In 2018, Danvers is summoned via the pager by Fury during the Blip. Danvers returns to Earth and tracks the activated pager to the Avengers Compound where she meets Natasha Romanoff, Bruce Banner, James Rhodes, Rocket Raccoon, Steve Rogers, and Thor. She is then sent to rescue Tony Stark and Nebula who were aimlessly drifting in the Benatar through space and brings them back to the Compound. She is grief stricken when informed about the Blip and joins Banner, Nebula, Rhodes, Rocket, Rogers, Romanoff, and Thor in confronting Thanos on the Garden planet. Danvers assists in subduing him when he reveals that he has destroyed the Infinity Stones to prevent his mission from being undone. Danvers then watches as Thor decapitates Thanos.

In 2023, she has become a member of the Avengers under the leadership of Romanoff, involved in space missions helping to quash post-Blip chaos across the universe alongside Rocket and Nebula. Later, Danvers returns to Earth, after learning that the Avengers and their allies are engaged in battle with an alternate Thanos.

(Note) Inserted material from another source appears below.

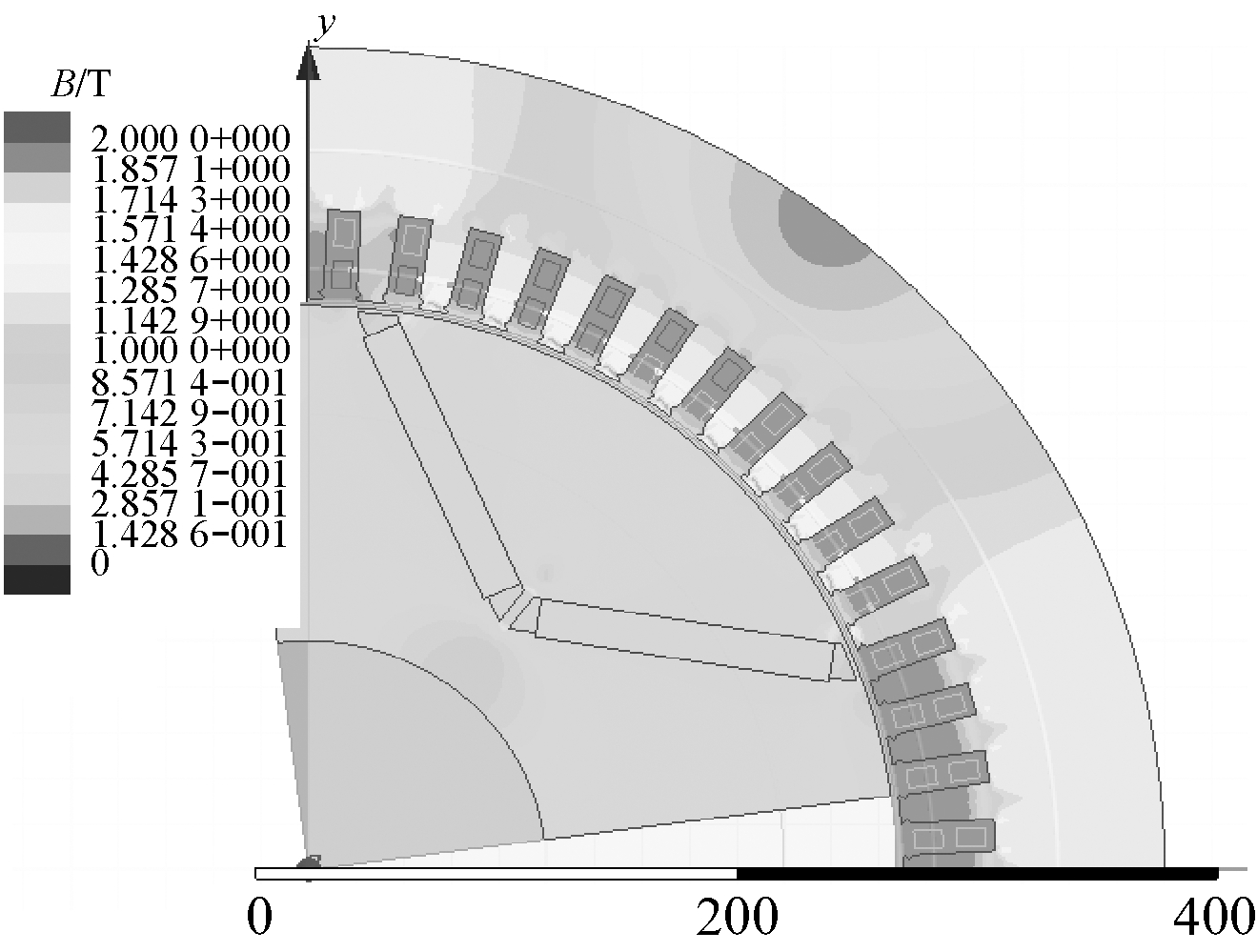 变频一体化永磁同步电动机的转子结构形式多种多样,为了适应电动机弱磁调速1.8倍的要求,转子磁极采用V形磁极结构,取1/4部分转子铁芯及1对内嵌磁钢作为模型,使用有限元进行校核[14-15]。

She rescues them from a bombardment rained down from alternate Thanos' Sanctuary II warship and destroys it. She is then given the Nano Gauntlet and attempts to fly it into the Quantum Tunnel. However, she is stopped by Thanos, who incapacitates her with the Power Stone. Stark then sacrifices himself to win the battle, and Danvers later attends his funeral, reuniting with Fury in the process.

 Return to space 
 Meeting Shang-Chi 

In 2024, Danvers and Banner answer Wong's holographic call to discuss the Ten Rings with Shang-Chi and his friend Katy. While she does not recognize anything alien about the Ten Rings, they discover the Ten Rings are emitting unknown signals before Danvers receives another call and leaves.

 Swapped with Kamala Khan 

In 2025, Danvers swaps places with Kamala Khan after the latter's bangle emits a strange glow. After seeing Khan's bedroom, full of Captain Marvel merchandise, Danvers becomes worried and abruptly leaves.

Alternate versions

Several alternate versions of Danvers from within the MCU multiverse appear in the animated series What If...?, voiced by Alexandra Daniels.

Death of the Avengers

In an alternate 2011, Danvers is summoned by Fury to fight the Asgardian army led by Loki alongside Rogers following the death of the other Avengers Initiative candidates. During a battle on the Helicarrier, they are assisted by a Romanoff from another universe brought in by the Watcher.

Stopping Thor's party

In an alternate 2011, Danvers is summoned by Maria Hill to stop Thor's out-of-control intergalactic party. Danvers confronts Thor, but he refuses to leave and fights Danvers. Forced to hold back her power in order to avoid collateral damage, Danvers retreats and formulates a plan with S.H.I.E.L.D. to lure Thor to a remote region in Siberia. Before they can fight again, Frigga intervenes, prompting Thor to quickly repair the damages he and his partygoers conflicted across the planet; he and Danvers reconcile.

Ultron's conquest

In an alternate 2015, Danvers defends Xandar against Ultron after the android acquires the Infinity Stones. She drives him into the planet's core in an attempt to destroy him, but is killed when Ultron unleashes the Stones' full power.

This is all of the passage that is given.